Она закрыла лицо руками и разрыдалась. Ее вина. Все это ее вина. Она попыталась вмешаться, и вот что вышло. Попробовала управлять судьбой. Таким способом Бог решил наказать ее, а бедный Эндрю страдает.

– Где он сейчас?

– В госпитале, где я работала до отъезда во Францию. Мне пришлось воспользоваться связями, чтобы отправить Эндрю туда. Это госпиталь для офицеров, и я думаю, там о нем позаботятся лучше.

Пруденс, с колотящимся сердцем, вскинула голову:

– Он здесь? В Лондоне?

– Да, – кивнула Виктория, – я приехала за тобой. Ему необходимо с тобой увидеться. Он в плохом состоянии.

– О нет! – вскочила Пруденс. – Но ведь он поправится?

– Доктора считают, что да, но…

– Но – что?

Пруденс в ужасе замерла на месте. Что еще могло случиться?

Виктория замялась.

– Его ждет долгое восстановление. Как физическое, так и душевное.

Пруденс понимающе кивнула. Все образуется. Если она сможет находиться рядом с Эндрю, все будет хорошо. Он жив и, в отличие от многих солдат с легкими ранениями, его уже не пошлют обратно на фронт.

– Можно мне с ним повидаться?

– Да, поедем. Я не отпускала шофера.

Пруденс начала торопливо собираться, но ребенок внутри вдруг зашевелился – видимо, ему передалось беспокойство матери, – и ей пришлось остановиться.

– Ты в порядке? – с тревогой спросила Виктория.

Пруденс закусила губу и кивнула:

– Да, наверное.

Она застегнула пальто и плотно обмотала шею шарфом. Перед самым выходом из квартиры вспомнила о пудинге, вернулась на кухню и сняла кастрюлю с плиты. Надо будет передать Мюриэль и Кейти, что она не придет, чтобы не волновались. Разум еще проворачивал какие-то бытовые детали, но в сердце уже бушевало горе. Пруденс взяла сумочку, тщательно заперла дверь, хотя на самом деле ей хотелось в отчаянии колотить кулаками по стене, как бьющийся в истерике ребенок.

С напускным спокойствием она прошла вместе с Викторией к машине и забралась внутрь. Не менее спокойно задала все полагающиеся вопросы о ранениях и возможном выздоровлении Эндрю. Судя по всему, Виктория нашла Эндрю совершенно случайно, когда его привезли с полевого перевязочного пункта. Рана на ноге воспалилась, инфекция вызвала жар. Врачи думали, что он не выживет, но Эндрю выкарабкался. Как только он достаточно окреп для путешествия, Виктория договорилась об отправке в госпиталь и получила разрешение сопровождать раненого. В конце концов, речь шла о муже ее сестры. Последнюю фразу Виктория сопроводила улыбкой, но Пруденс нашла в себе силы лишь благодарно сжать ее руку.

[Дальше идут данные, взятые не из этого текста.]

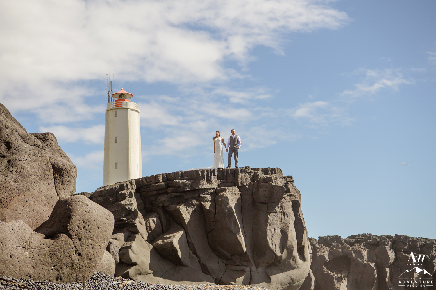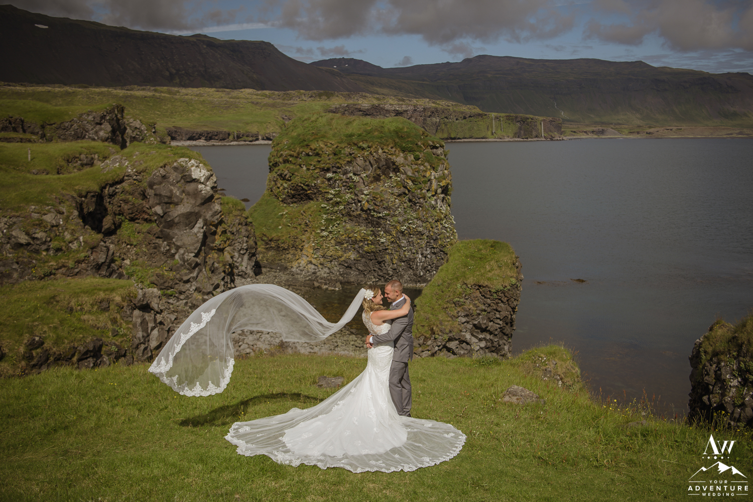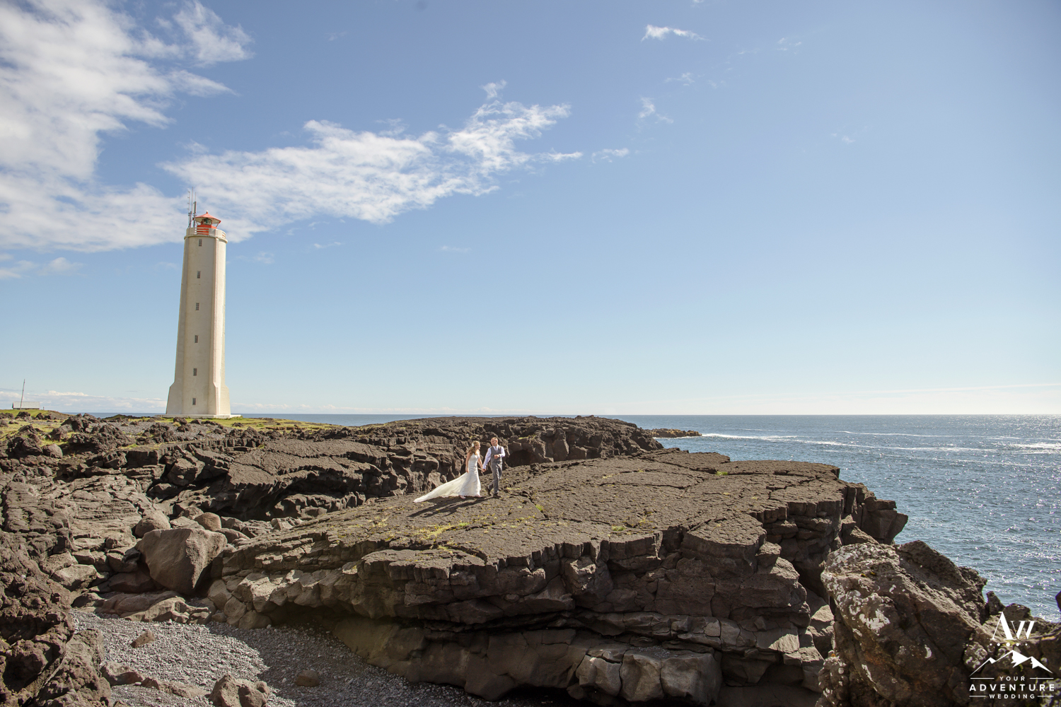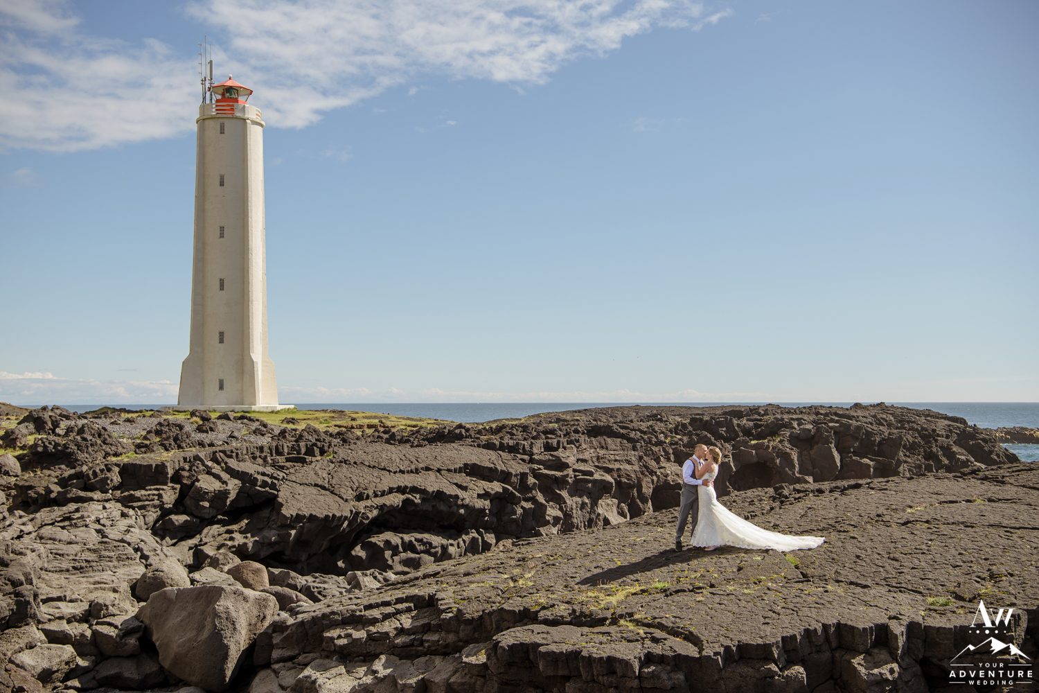 There are many lighthouses throughout the Snaefellsness Peninsula to explore. One of our personal favorites and a bit less touristy is Malarrifsviti. The area is very dramatic, with the black sand, rocks, and sea cliffs, making it an ideal backdrop for Iceland wedding photos. Nearby to this beautiful place, is the famed Londrangar Basalt Cliffs (amazing for bird watching in August)!
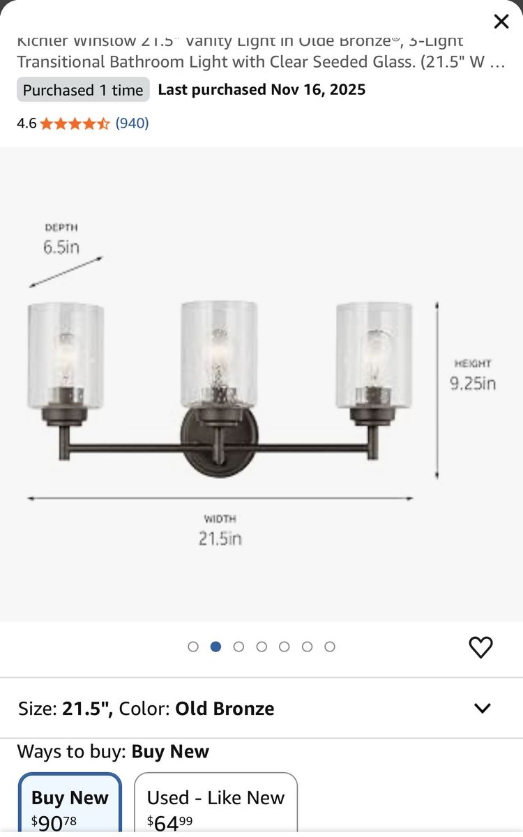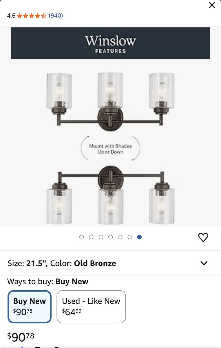 KichlerKichler Winslow 21.5" Vanity Light in Olde Bronze®, 3-Light Transitional Bathroom Light with Clear Seeded Glass. (21.5" W x Kichler Winslow 7.5" Mini Kitchen Pendant with Clear Seeded Glass in Olde Bronze®, (7.5" H x 4.25" W),
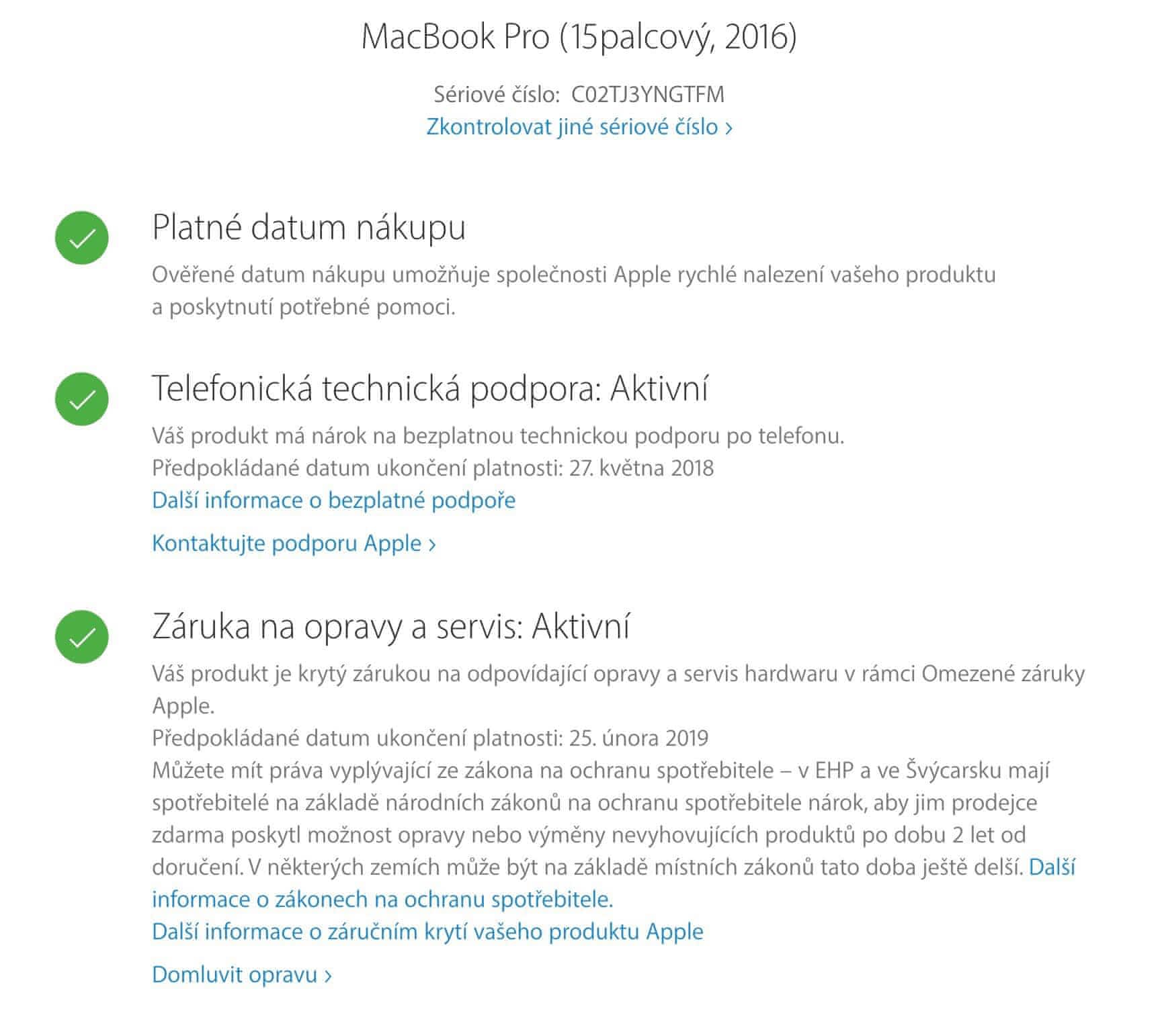 Počítač je nový, jen rozbalený a vyzkoušený, v mezinárodní záruce do 25. února 2019 (lze případně dokoupit Apple Care a prodloužit záruku na 3 roky).
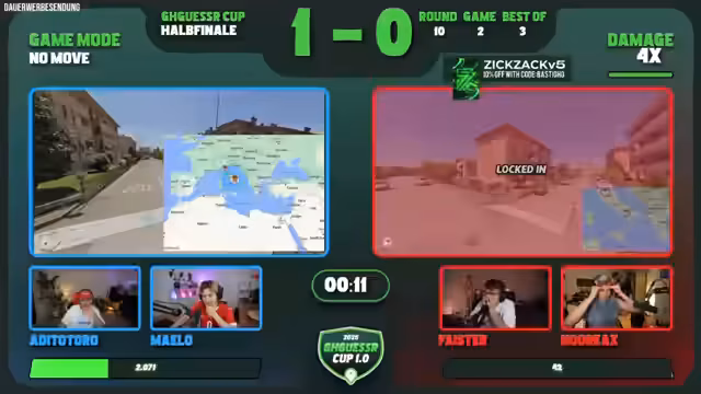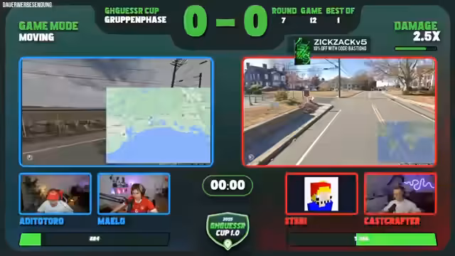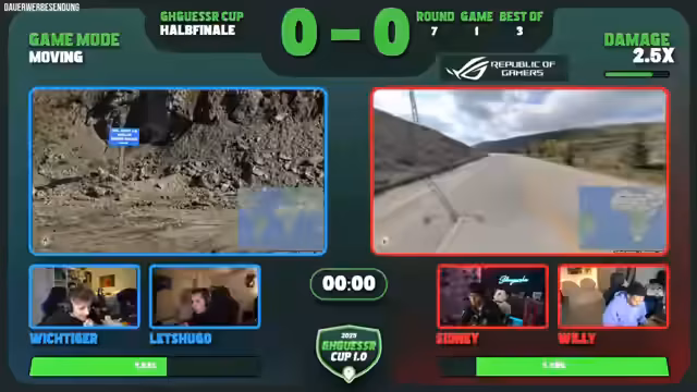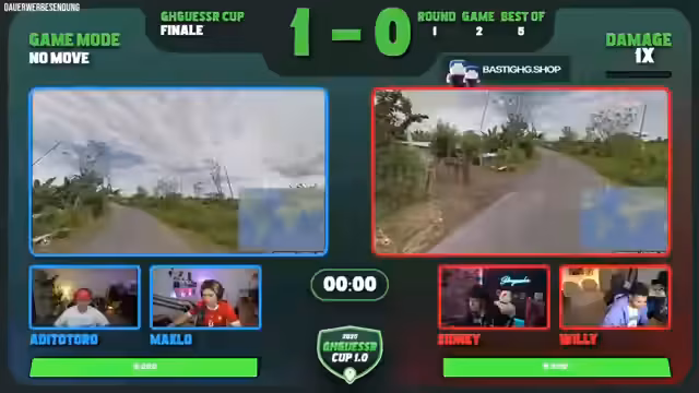 04:07:56Team Blau ist kurz davor, das Move-Game gegen Sydney zu gewinnen. Hugo findet eine Domain und pressuret, aber Sydney findet das gleiche Schild. Hugo ist minimal näher. Eine Runde in Israel mit gelben Plates wird von beiden Teams erkannt, aber Wichtiger ist näher dran. Eine Runde in Uruguay mit einem Trident Pole wird für Sydney entscheidend, während Wichtiger und Hugo in Europa und damit im falschen Kontinent sind. Die Move-Runde geht an Sidney und Willi. Es folgt das No-Move-Spiel. Es wird kurz eine Pause eingelegt, um die Strategie zu besprechen. Die Anzeige zeigt nun 0-1 an. Wichtiger und Hugo können auf ihrer Leistung aufbauen. Sydney und Willi spielen gut. Es wird in die No-Move-Runde gewechselt. Die Dashes sind irreführend. Es ist Spanien, aber es gibt einen Frankreich- und einen Norwegen-Guess. Willi sichert mit Spanien ab. Die fehlende Erfahrung von Wichtiger und Hugo wird deutlich. Eine Runde mit gelben Außenlinien und blauem K deutet auf Südafrika hin. Wichtiger geht nach Südafrika, während Sydney auf Mexiko zoomt. Das wäre fast ein großer Schaden gewesen.
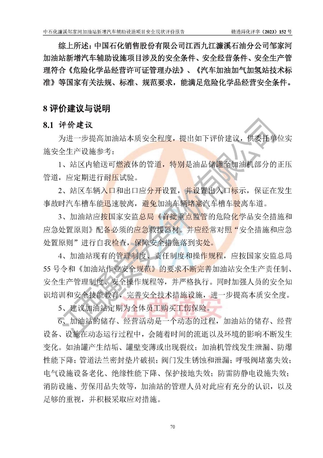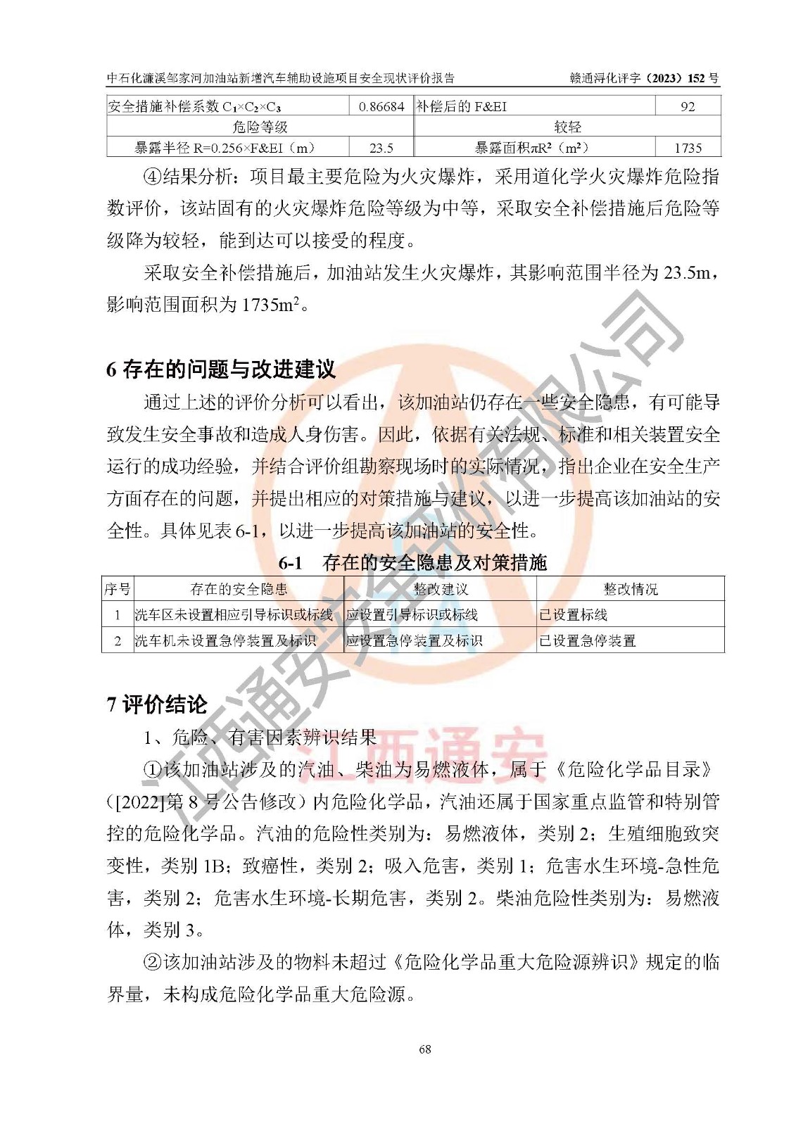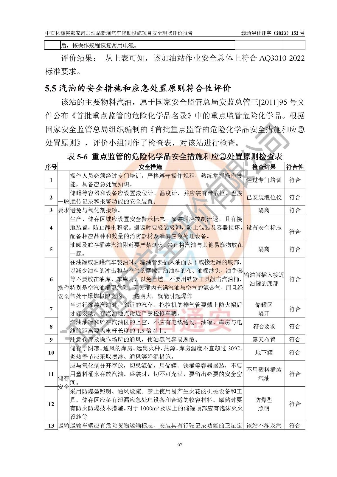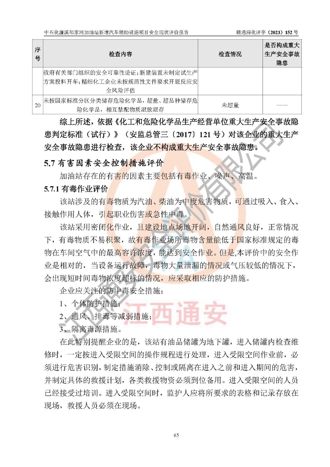 評價結(jié)論 | 中國石化銷售股份有限公司江西九江濂溪石油分公司鄒家河加油站新增汽車輔助設(shè)施項目涉及的安全條件、安全經(jīng)營條件、安全生產(chǎn)管理符合《危險化學(xué)品經(jīng)營許可證管理辦法》、《汽車加油加氣加氫站技術(shù)標(biāo)準(zhǔn)》等**有關(guān)法規(guī)、標(biāo)準(zhǔn)、規(guī)范要求,能滿足危險化學(xué)品經(jīng)營安全條件。 | |||
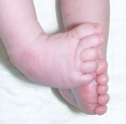 Sur cette image, on voit que la mobilisation passive du pied ne permet pas de le redresser
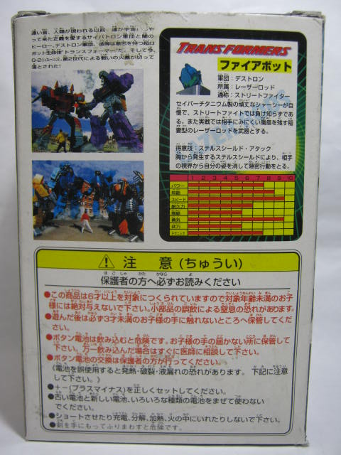 パッケージ裏面の活躍イメージ写真は海外CMからの流用。何気にファイアボット発売時はまだ発売してないドレッドウィングのCMからも流用されています。
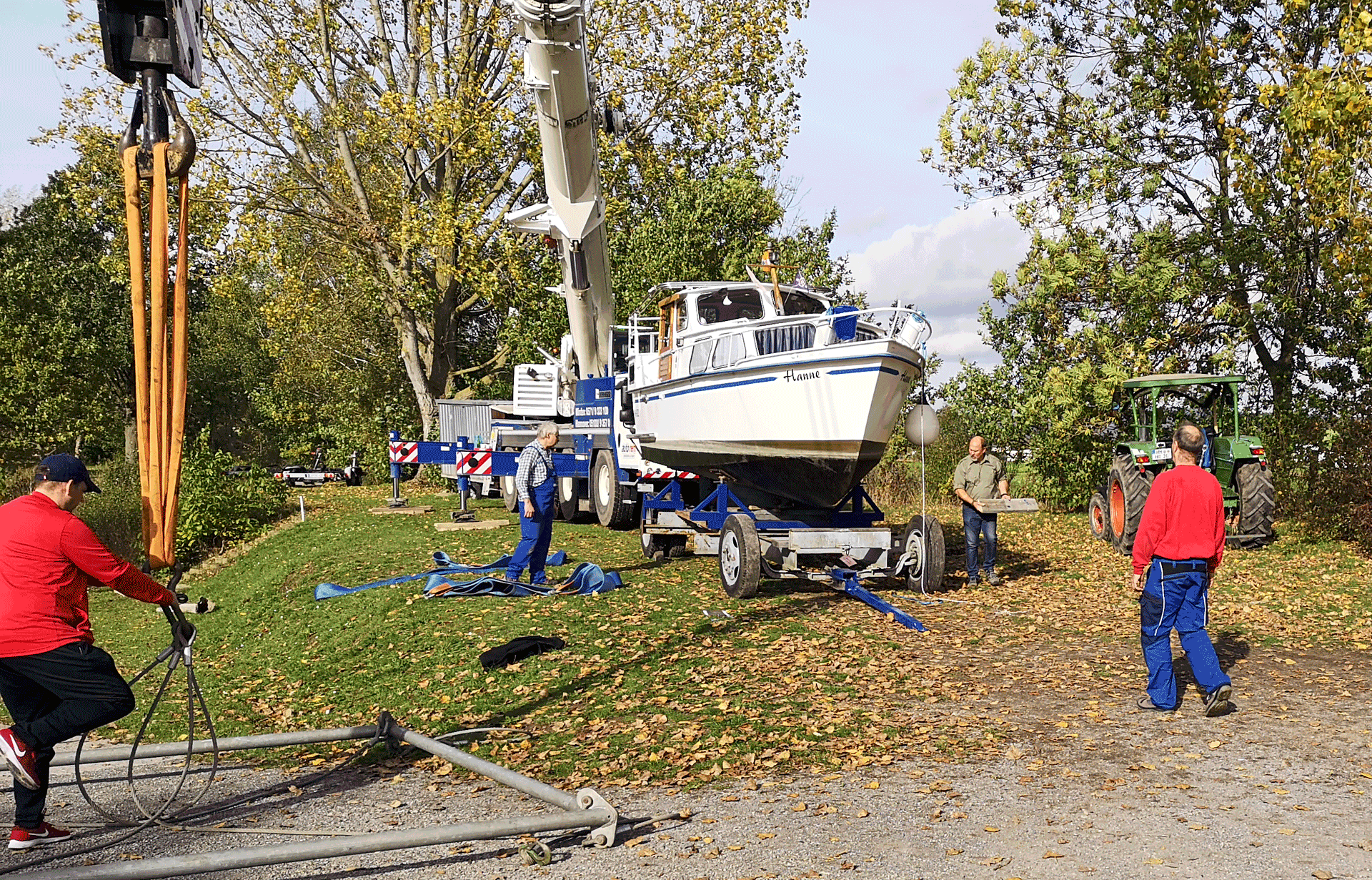 Gut, tot mag etwas übertrieben sein. Doch eine Deichsel, nicht mehr fest mit der Achse verbunden, ist für einen Schiffstransport eher suboptimal. Also musste der fleißige Helfer noch einmal ran und nun, die vormals nur geheftete Deichsel, jetzt fest verschweißen. Wir waren alle sehr neugierig, ob die Reparatur den Weg des Trailers (diesmal sogar mit Boot) zurück zur Bootshalle ermöglichen würde. Denn die „Hanne“ ist, mit Verlaub, nicht die schlankeste. So gestaltete sich auch das Heben aus dem Wasser anders als beim Synchronschwimmen, doch letztendlich kam die „Hanne“ auch ohne Diät in Balance und schwebte auf ihren Trailer. Und der brachte sie tatsächlich sicher ins Winterlager. Natürlich musste der Trailer vor der endgültigen Landung noch provisorisch angepasst werden. Im nächsten Jahr wird er nun endgültig vollends passend gemacht. Wir sind sehr gespannt …
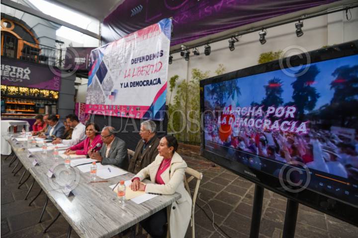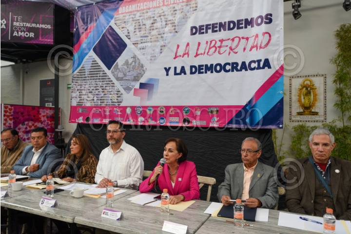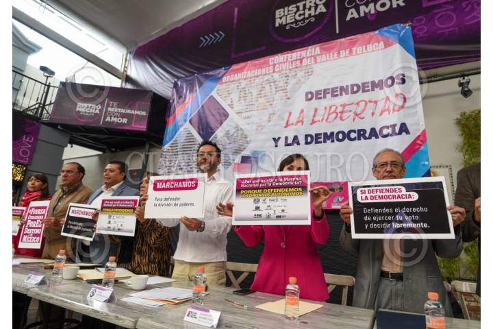 TOLUCA, ESTADO DE MÉXICO, 13FEBRERO2024.- Integrantes de diversas organizaciones civiles en Toluca anunciaron su participación en la Marcha por la Democracia que se realizará en diversas ciudades de la República Mexicana el próximo domingo 18 de febrero. FOTO: CRISANTA ESPINOSA AGUILAR /CUARTOSCURO.COM

Дорогу до госпиталя Пруденс помнила смутно, ей казалось, что с того момента, как она заметила глядящую в ее окна Викторию, прошло всего несколько секунд. Район, куда они приехали, показался знакомым, и в ответ на ее вопросительный взгляд Виктория кивнула:

– Тут поблизости жили Бронсоны. Помнишь, мы часто катались на велосипеде с их девочками?

Пруденс не забыла, но причина крылась не в детских воспоминаниях. И тут она вспомнила, почему район выглядит знакомым. Щеки залила краска стыда. Здесь она встретила Себастьяна после переезда в Лондон. После высказанной вслух обиды он поцеловал ее, а она позволила, несмотря на то, что уже была замужем за Эндрю. Больше подобного никогда не повторялось и не повторится. Если подумать, тот случай помог ей понять, как сильно она любит Эндрю.